Seasonal Depression Is a Thing; Here’s What Helps

Seasonal Depression Is a Thing Here's What Helps

Seasonal depression isn’t a myth or a convenient excuse; it’s a real condition that affects Americans every year. Are you feeling particularly under the weather in comparison to your usual self? You might be affected by this condition. Here’s a few tips to help you relieve your symptoms, whether it’s true SAD or just the “winter blues.”

Quick Read:
Having Seasonal Affective Disorder (SAD) isn’t uncommon, and winter months are the biggest culprit. You can overcome it with the right balance of professional help and certain therapies. Changing your lifestyle is also an essential component to tackling seasonal depression. Don’t let the bad months get you down; keep reading for tested and proven pick-me-tip tips to get rid of the blues!

Never Let Winter Get Your down Again.

Psychotherapy

If you’re feeling down, find your significant other or a good friend and tell them what’s bothering you. Simply getting worries off your chest is helpful. Learning how to manage stress is essential to combating any form of depression. Sticking to a schedule and facing your problems head-on are great ways to stay stress-free.

Feel like you need professional advice, too? A few therapy sessions can make a huge difference when combating seasonal affective disorder (SAD). Cognitive behavioral therapy yields excellent results with treating seasonal depression; it helps you identify and alter the negative thoughts and behaviors bringing you down.

Phototherapy

Not getting enough direct sunlight influences how susceptible you are to depression because it limits your body’s ability to produce Vitamin D. Sunlight is scarce during winter months, and that means lower Vitamin D levels increase your risk for SAD. Phototherapy – a treatment where you spend time in front of a special faux sunlight light that produces UVA and UVB rays, will bring more light into your life.

Phototherapy lights mimic natural sunlight. You’ll sit a couple feet away from the box within one hour of waking up – that’s it.

Some people prefer to use a light device that slowly brightens over time to mimic the sunrise. This is just as valid and useful, so use whichever suits you best. Both are a great way to help with SAD; just talk with your doctor first.

Vitamin D supplements are also helpful, especially if you have an official diagnosis. Just remember that nothing beats going outside for a 15-minute walk. Get some fresh air, exercise and sunshine to combat SAD without spending any money.

Medication

You may need prescription drugs if your seasonal depression is severe. Consulting your doctor is a must, here; you need to find the right medication.

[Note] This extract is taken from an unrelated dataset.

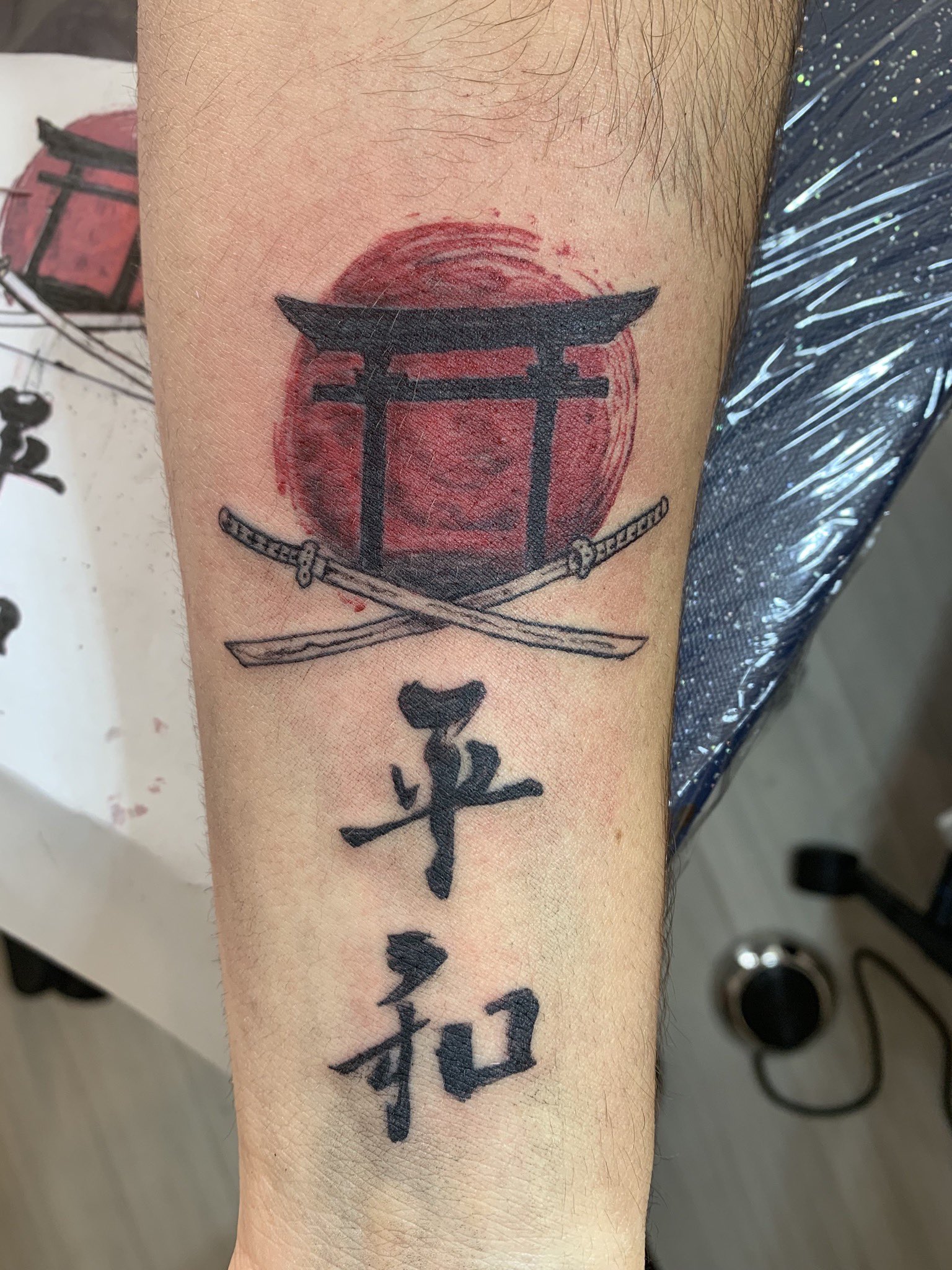Torii gate in Brash stroke His first tattoo from NYC tato… Flickr

Most doctors prescribe antidepressants for SAD. Understand that they take weeks to kick in; don’t get discouraged if you’re still under the weather during that time. You may need to take antidepressants before your regular onset of SAD.

Change Your Lifestyle

Tweak your day-to-day affairs to be more conducive to good mental health. Open your blinds and windows at some point during the day for some fresh air. Try rearranging your regularly-used furniture closer to windows for more natural light. As mentioned above, exercise and going outside will improve your state of mind.

Eating the right food is essential to good physical and mental health; eating properly is frequently overlooked when trying to improve yourself. You can make healthy and tasty meals without spending a ton of cash.

Support

Social support is critical when you’re feeling down. Spending time with friends and family can help take your mind off whatever is hanging over your head. Getting out of the house, or bed, is difficult; it’s also crucial to recovering from what ails you.

SAD is a difficult hurdle to overcome. Good news: it’s not insurmountable. Try one (or even all) of these tips to be a healthier and happier you during the rough seasons.